» Your instructions: Word for word and without images, transcribe all of the records.

» Records for processing:
--- START ---
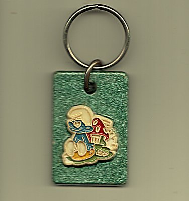 Title (ebay affiliate link): SMURF Key Tag Fob KeyChain Ring vintage vtg cartoon character blue elf gnome
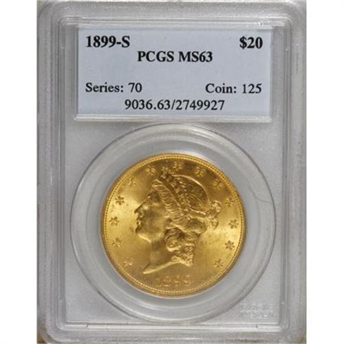 <B>1899-S $20 MS63 PCGS.</B></I> This piece looks finer than the assigned grade level would ordinarily imply. The intense luster and unusually vibrant lime-gold coloration are both unusually attractive. Well struck and minimally abraded, this is an outstanding Select Mint State double eagle. <BR><BR><b>Shipping:</b> Coins & Currency (<a target="_blank" href="http://www.heritageauctions.com/common/shipping.php">view shipping information</a>)
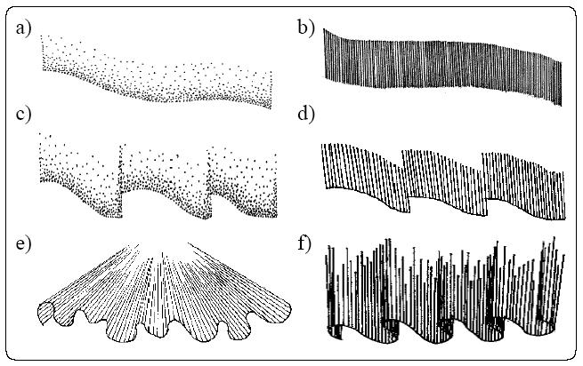 The boundaries as well as the internal layers of these sheets are modeled using sine curves. Hence, the starting points for the electron beams used in our simulations are obtained through the discretization of these curves. In our simulation strategy, folds are modeled by replacing portions of the sine waves by Bezier curves.
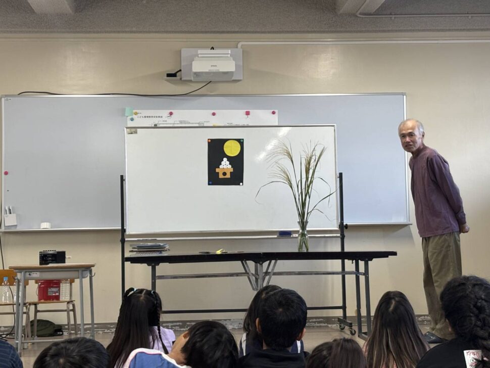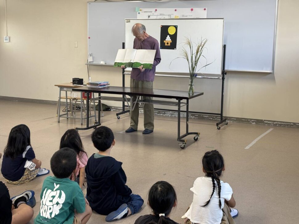 毎月一回、1年生は読み聞かせをしてもらっています。先日は中秋の名月に合わせて、お月見のお話を聞きました。
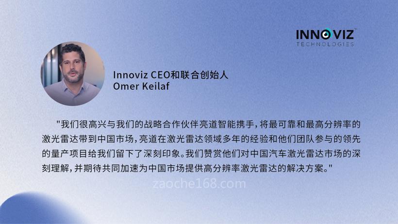 "我們很高興與我們的戰(zhàn)略合作伙伴亮道智能攜手,將最可靠和最高分辨率的激光雷達帶到中國市場", Innoviz的首席執(zhí)行官和聯(lián)合創(chuàng)始人Omer Keilaf說,"亮道在激光雷達領(lǐng)域多年的經(jīng)驗和他們團隊參與的領(lǐng)先的量產(chǎn)項目給我們留下了深刻印象。我們贊賞他們對中國汽車激光雷達市場的深刻理解,并期待共同加速為中國市場提供高分辨率激光雷達的解決方案"。
--- END ---
» Answer section:
 Title (ebay affiliate link): SMURF Key Tag Fob KeyChain Ring vintage vtg cartoon character blue elf gnome
 <B>1899-S $20 MS63 PCGS.</B></I> This piece looks finer than the assigned grade level would ordinarily imply. The intense luster and unusually vibrant lime-gold coloration are both unusually attractive. Well struck and minimally abraded, this is an outstanding Select Mint State double eagle. <BR><BR><b>Shipping:</b> Coins & Currency (<a target="_blank" href="http://www.heritageauctions.com/common/shipping.php">view shipping information</a>)
 The boundaries as well as the internal layers of these sheets are modeled using sine curves. Hence, the starting points for the electron beams used in our simulations are obtained through the discretization of these curves. In our simulation strategy, folds are modeled by replacing portions of the sine waves by Bezier curves.
 毎月一回、1年生は読み聞かせをしてもらっています。先日は中秋の名月に合わせて、お月見のお話を聞きました。
 "我們很高興與我們的戰(zhàn)略合作伙伴亮道智能攜手,將最可靠和最高分辨率的激光雷達帶到中國市場", Innoviz的首席執(zhí)行官和聯(lián)合創(chuàng)始人Omer Keilaf說,"亮道在激光雷達領(lǐng)域多年的經(jīng)驗和他們團隊參與的領(lǐng)先的量產(chǎn)項目給我們留下了深刻印象。我們贊賞他們對中國汽車激光雷達市場的深刻理解,并期待共同加速為中國市場提供高分辨率激光雷達的解決方案"。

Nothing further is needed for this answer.